[What the exercise asks] Copy out all the lines of the data precisely, omitting any pictures.

[Data]
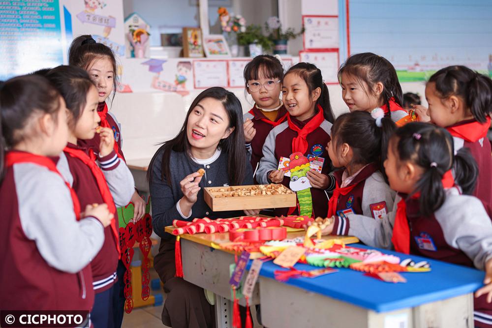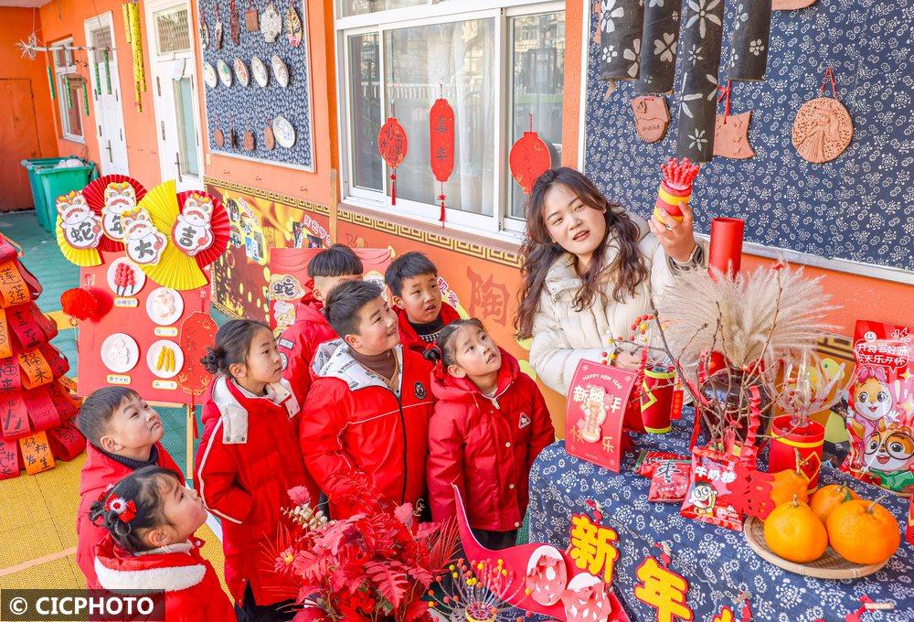 ↑2025年2月13日,在江苏省扬州市江都区育才幼儿园,老师在向小朋友讲解和春节相关的知识。CICPHOTO/任飞 摄
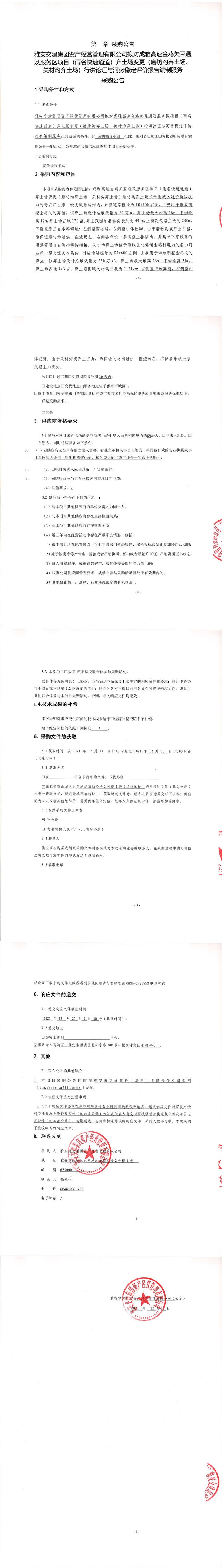亿万先生MR集团资产经营管理有限公司拟对成雅高速金鸡关互通及服务区项目(雨名快速通道)弃土场变更(磨坊沟弃土场、关材沟弃土场)行洪论证与河势稳定评价报告编制服务采购公告
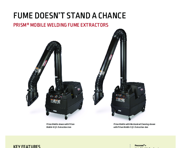 The Prism Mobile product family offers efficient welding fume extraction and filtration. Designed for smaller manufacturing facilities, these low vacuum systems are perfect for light to medium duty operations in various locations. Please note that they are not suitable for cutting or arc gouging.
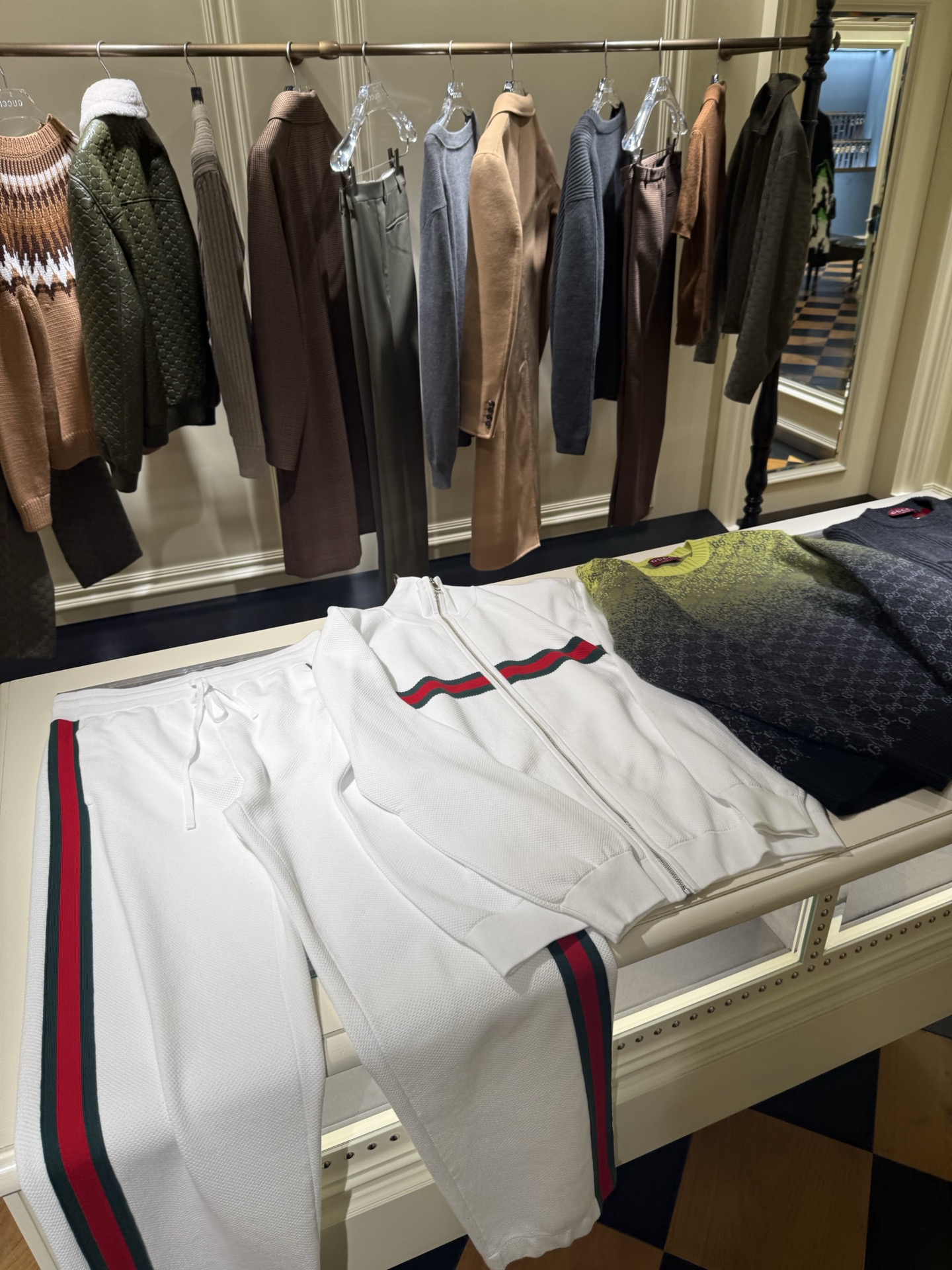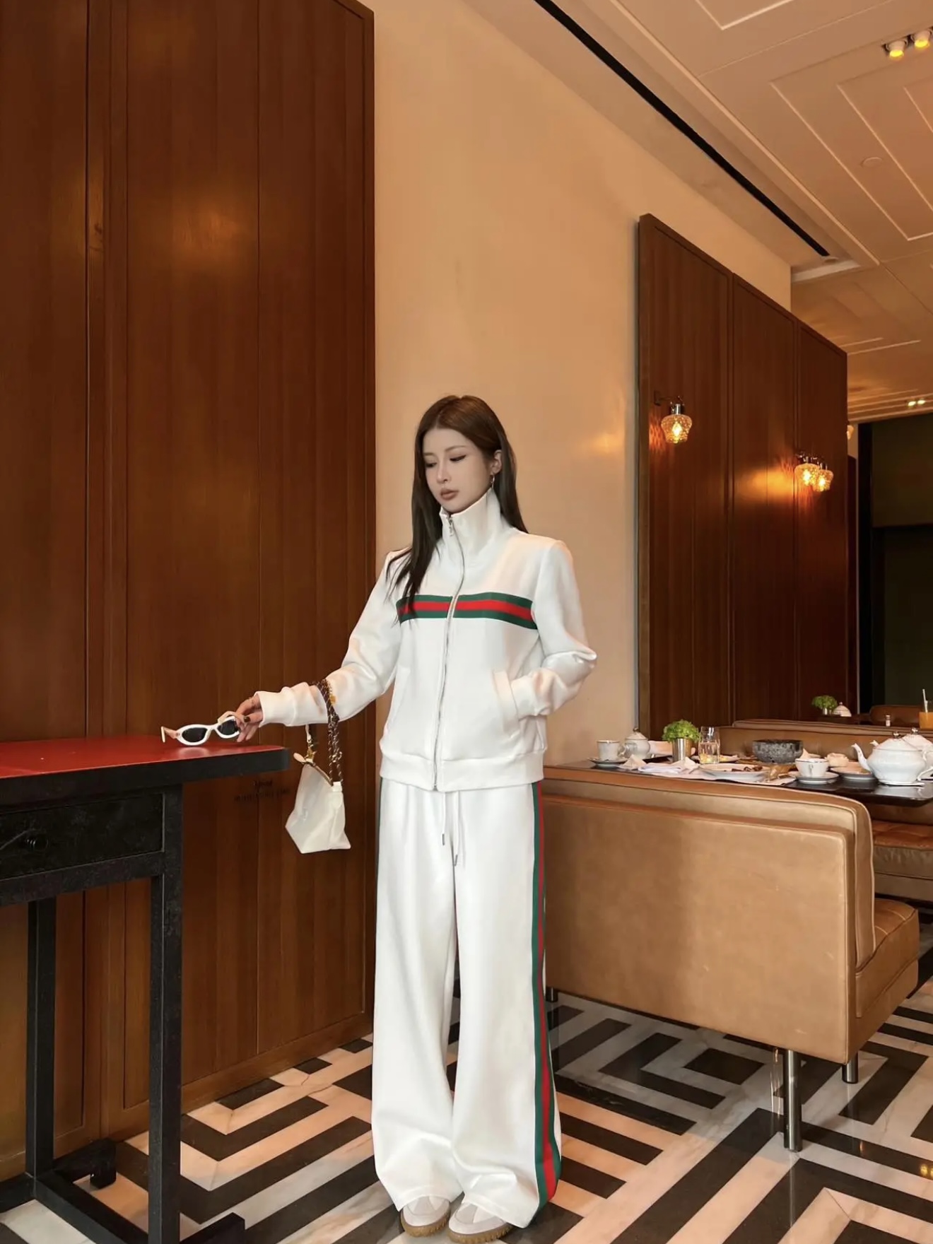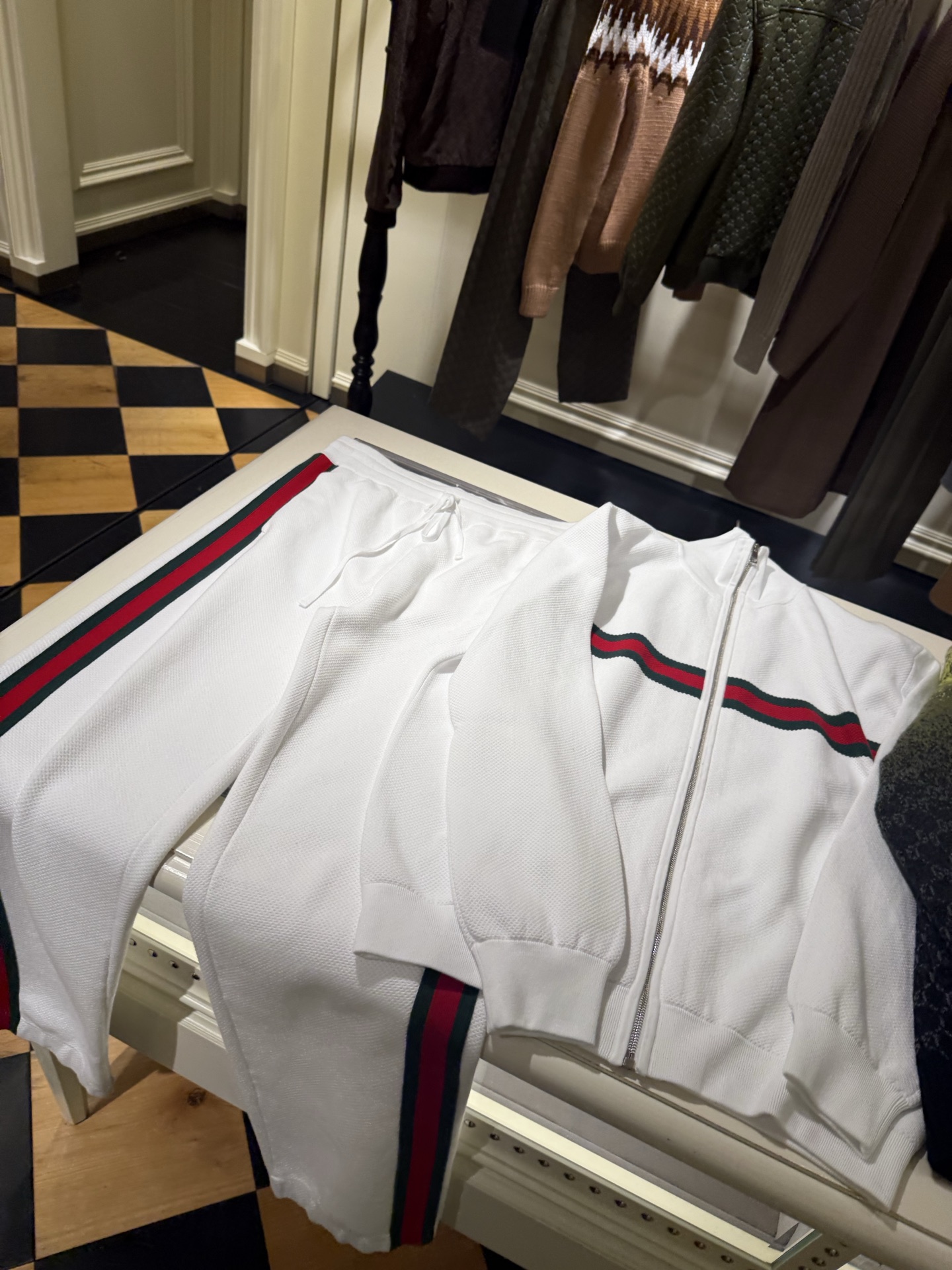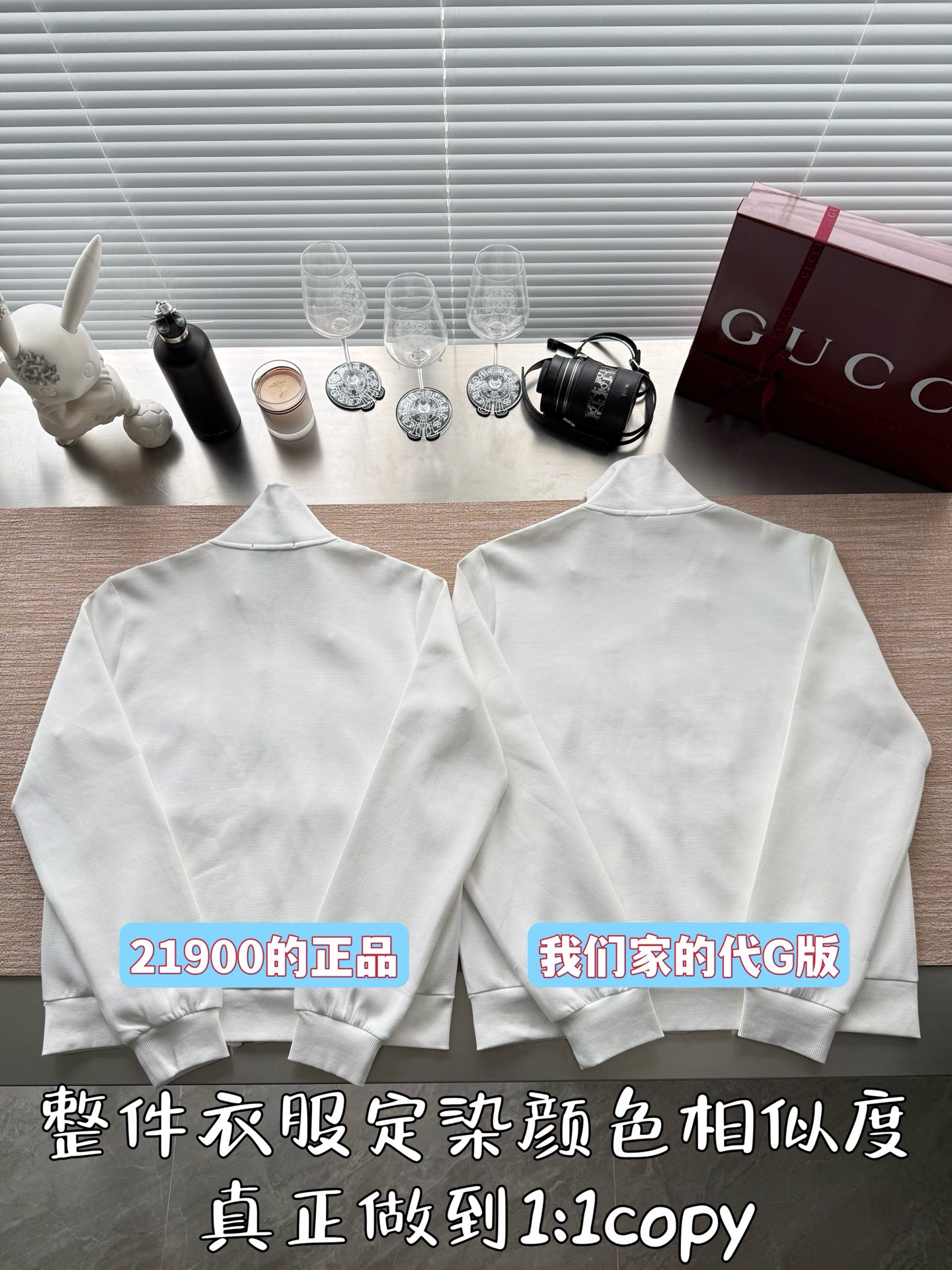 Gucci 2025 FW经典织带拉链外套‼️整件衣服21900购买Zp拆解打造,定制100%白色棉质面料,前幅饰以绿红绿经典织带设计,门襟开模定制GUCCI字母logo拉链,定织标志性罗纹领口 袖口 下摆,超紧密度局部编织,真正做到1:1copy 闭眼入 码数: S M L XL

[Response box]
 ↑2025年2月13日,在江苏省扬州市江都区育才幼儿园,老师在向小朋友讲解和春节相关的知识。CICPHOTO/任飞 摄
亿万先生MR集团资产经营管理有限公司拟对成雅高速金鸡关互通及服务区项目(雨名快速通道)弃土场变更(磨坊沟弃土场、关材沟弃土场)行洪论证与河势稳定评价报告编制服务采购公告
 The Prism Mobile product family offers efficient welding fume extraction and filtration. Designed for smaller manufacturing facilities, these low vacuum systems are perfect for light to medium duty operations in various locations. Please note that they are not suitable for cutting or arc gouging.
 Gucci 2025 FW经典织带拉链外套‼️整件衣服21900购买Zp拆解打造,定制100%白色棉质面料,前幅饰以绿红绿经典织带设计,门襟开模定制GUCCI字母logo拉链,定织标志性罗纹领口 袖口 下摆,超紧密度局部编织,真正做到1:1copy 闭眼入 码数: S M L XL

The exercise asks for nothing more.